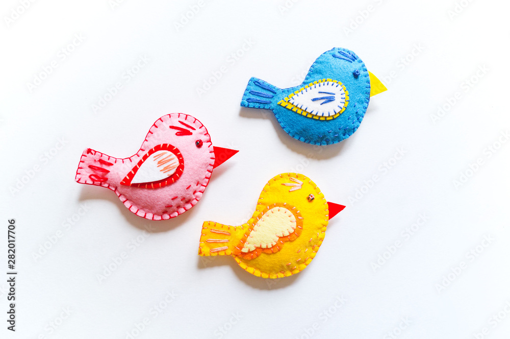 Yellow, pink and blue felt bird workshop. Happy Easter holiday.
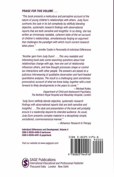 `Another gem from Judy Dunn! This very readable and interesting book asks some searching questions about how relationships change with age, how one sort of relationship influences others and how thought processes shape or control our interactions with other people.... The result is a challenging (and sometimes provocative) account of what we know today, together with a look forward to likely developments in the years to come. The book is a must for anyone interested in either the social development of children or the meaning of interpersonal relationships' - Michael Rutter, Institute of Psychiatry, London How and why do children of the same family have strikingly different relationships with their mother and father, with each other and with their friends? Dunn provides a careful examination of current research in the area; she examines how these differences in close relationships originate, whether they are linked to one another and whether troubled parent-child relationships can result in children having difficulties making friends in later life. The author also considers whether it is possible to specify at what stage of development particular relationships are likely to have effects on other relationships; the influence of cultural concepts on the perception and conduct of close relationships; children's social understanding and its impact on relationships; and differences in children's temperament and attachment behaviour.
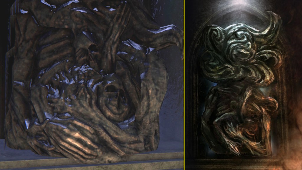 To be fair, this situation isn’t that far removed from their target. The Choir, like Ebrietas, look up for signs from the stars. As before with their Byrgenwerth mentors, the hope is that the Great Ones above will implant the kin buried in the garden with phantasms, the purpose of which is depicted in the new statues encircling the perimeter. Each portrays human skulls sunken into the burgeoning womb area of a grotesque entity resembling Flora, as if to signify man becoming one with the Great Ones of Isz and being reborn as their offspring — children of the stars, if you would. In short, the Choir have primed themselves for their next childhood and pray that the gods will guide their thinking the rest of the way. Willem might weep at the pathetic state of his ideological grandchildren, but their piety may have been rewarded.
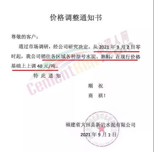 福建省大縣田新巖水泥有限公司通知通過市場調研,經公司研究決定,從9月2日零時起公司銷往各區域各型號水泥、熟料在現行價格基礎上上調40元/噸。

+-------+

Each line from the one containing "To be fair, this" through the last line above should be retyped exactly, and no other line. Any picture is to be left out.

 To be fair, this situation isn’t that far removed from their target. The Choir, like Ebrietas, look up for signs from the stars. As before with their Byrgenwerth mentors, the hope is that the Great Ones above will implant the kin buried in the garden with phantasms, the purpose of which is depicted in the new statues encircling the perimeter. Each portrays human skulls sunken into the burgeoning womb area of a grotesque entity resembling Flora, as if to signify man becoming one with the Great Ones of Isz and being reborn as their offspring — children of the stars, if you would. In short, the Choir have primed themselves for their next childhood and pray that the gods will guide their thinking the rest of the way. Willem might weep at the pathetic state of his ideological grandchildren, but their piety may have been rewarded.
 福建省大縣田新巖水泥有限公司通知通過市場調研,經公司研究決定,從9月2日零時起公司銷往各區域各型號水泥、熟料在現行價格基礎上上調40元/噸。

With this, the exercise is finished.